RESIDUAL VASCULAR RISK AFTER STATIN THERAPY: THE PROMISE OF NOVEL LIPOPROTEIN BIOMARKERS

Samia Mora, M.D., M.H.S., Brigham and Women's Hospital, Harvard Medical School, Boston, MA, USA

Objectives: Statins are the most widely used lipid-lowering agents and the standard of care for individuals with dyslipidemia, prior CVD, or at high-risk for CVD. However, the risk among statin-treated individuals remains high and has been termed “residual risk”. The rate of a major CVD event occurring during 5 years of follow-up among statin-treated patients in randomized clinical trials was 1 in 5 for individuals with prior CVD and 1 in 10 for those without prior CVD.

Methods and Results: The Treating to New Targets study (N=9251) showed that clinical risk factors account for a substantial proportion of residual risk in individuals with prior CVD. However, the c-index of 0.679 suggested that other factors are determinants of residual risk.
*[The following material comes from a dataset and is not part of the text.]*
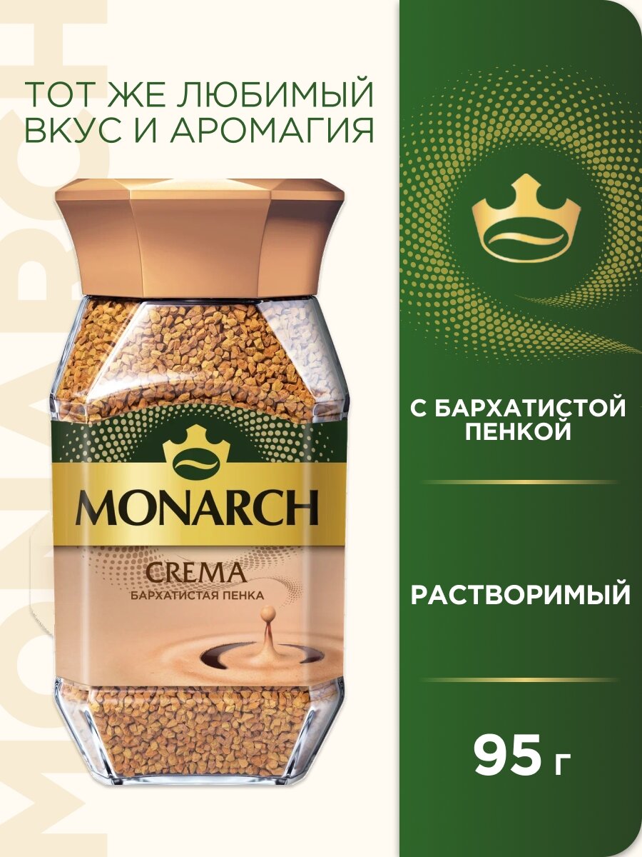 Кофе растворимый Monarch Crema с пенкой, стеклянная банка, 95 г
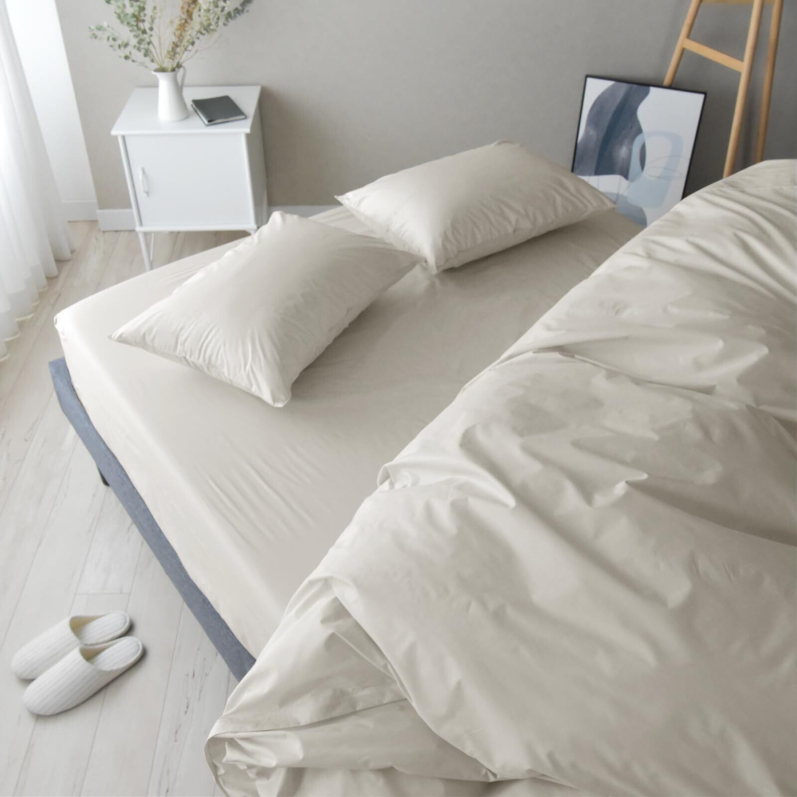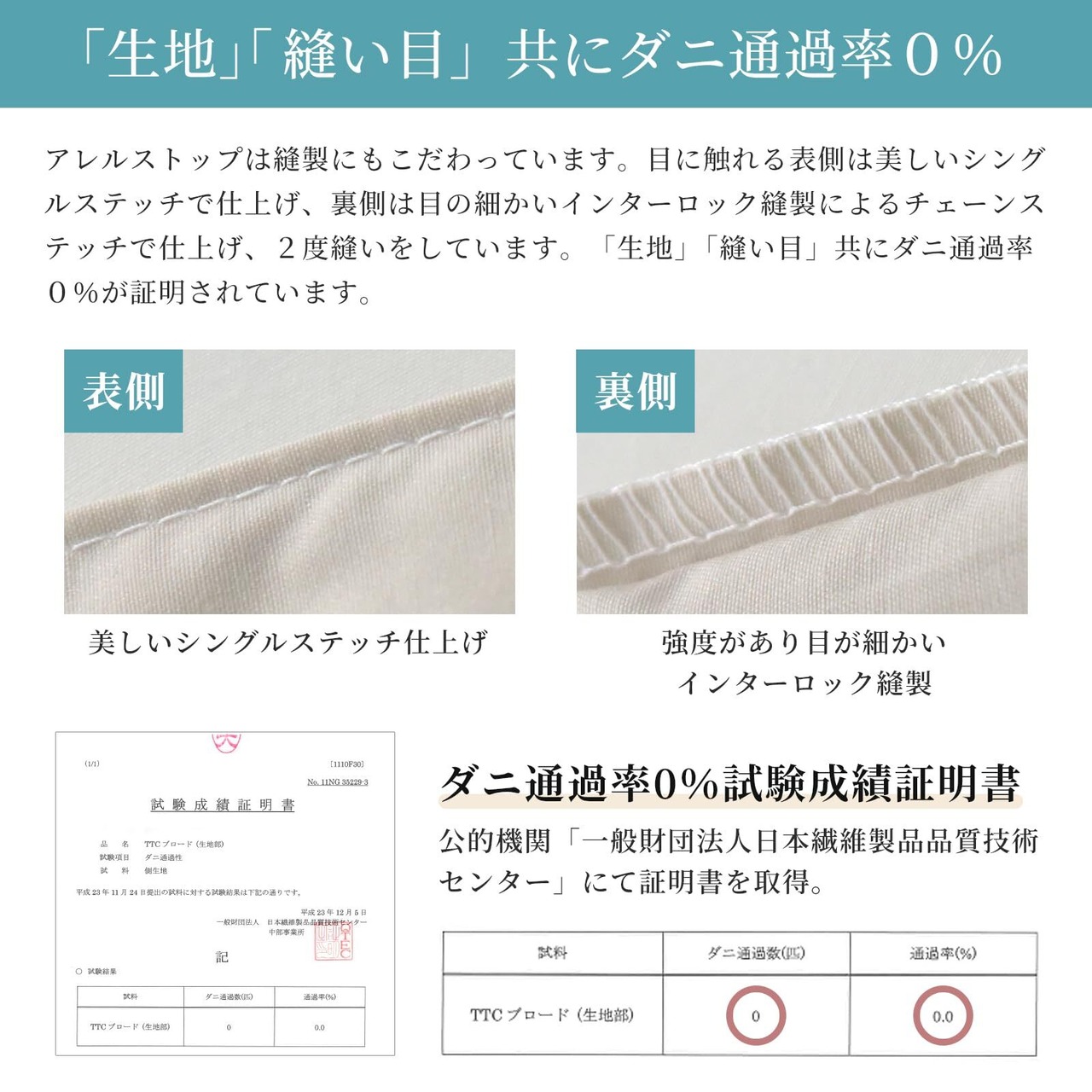 大切な身体を、薬品を使わずダニから守る「Allerstop/d・cut」は、アトピー・アレルギーの方におすすめです。使用生地は、超極細繊維を高密度に織り上げており、ダニやほこり(ハウスダスト)は入り込むことができません。また、縫製にもこだわっており、ミシン目を非常に細かくしてあります。これで、ほとんどのダニの侵入を防ぐことが出来ます。防虫剤などの薬品は一切使用していませんので、お子様やお年寄りにも安心です。生地を高密度に織り上げているため、表面の凹凸が非常に少なく、ホコリやペットの毛がつきにくく、手でサッと払えば落ちてしまうほどです。また、静電気の帯電も少ないので、乾燥した季節でも安心して布団に入ることができます。 ポリエステル80%、綿20%。コットンを適量混合する事により吸湿面をカバーすることで、機能面と吸湿性に優れ、使用感の気持ちの良いカバーになりました。

In the JUPITER trial of individuals without prior CVD or diabetes who were recruited based on low LDL-cholesterol and elevated high-sensitivity C-reactive protein, we examined whether two promising lipoprotein biomarkers are significant determinants of residual risk: 1) lipoprotein(a), and 2) HDL particle number (HDL-P). In approximately 10,000 JUPITER participants with baseline and one-year levels of lipoprotein(a), on-statin concentrations were associated with residual risk (adjusted hazard ratio per 1-standard deviation: 1.27, 95% CI 1.01-1.59, p=0.04),which was independent of LDL-cholesterol and other risk factors. In another analysis from JUPITER, on-statin concentrations of HDL-P were also significant determinants (inversely) of residual risk (adjusted hazard ratio per 1-standard deviation: 0.73, 95% CI 0.57-0.93, p=0.01), stronger than the association of on-statin HDL-cholesterol (0.82, 95% CI 0.63-1.08, p=0.16) or apolipoprotein A-I (0.86, 95% CI 0.67-1.10, p=0.22) with residual risk.

Conclusions: Thus, a multi-faceted prevention approach targeting modifiable risk factors should be underscored as the cornerstone of optimal residual risk assessment and prevention. In addition, future studies are needed to directly assess the impact of specifically modifying lipoprotein(a) or HDL-P concentrations for potentially reducing residual risk.